One quick comment about GPUs. Exploiting attached processors successfully
depends upon the ratio of communication and computation latencies. If the
labor of exploiting the AP is high, it's often not worth the trouble. The CPU
has caught up and passed the AP several times in the last 20 years. Seismic
processing codes are littered with coding artifacts from being ported to APs.
It can get really difficult to read the code. So I'd leave GPUs to those
interested in algorithm research. Fun stuff, but very difficult and demanding.
In reading the GLPK source code, it appears that the primal simplex solver is
doing dense arithmetic. If I've missed something, please let me know.
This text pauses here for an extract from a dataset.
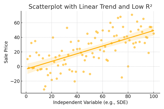 A low R² is often misinterpreted as invalidating a regression model. However, a low R² does not negate a valid linear relationship; it indicates limited explanatory power. Transaction data’s qualitative noise (e.g., buyer motivations) often yields low R², but the regression’s best-fit line remains statistically valid, though less predictive.

There
are some sparse arithmetic codes, but I don't see them being used anywhere.
They also appear to be more complex than what Maros describes which is both
elegant and fast. For those solving large sparse problems with the simplex
method, there are substantial gains to be had.
In my own case I have a large number of dense problems to solve. So neither
sparse arithmetic nor multithreading will improve my time to solution. Running
multiple job queues as in the example I wrote for the wikibook is the best I
can do to exploit multiple cores in my work.
Have Fun!
Reg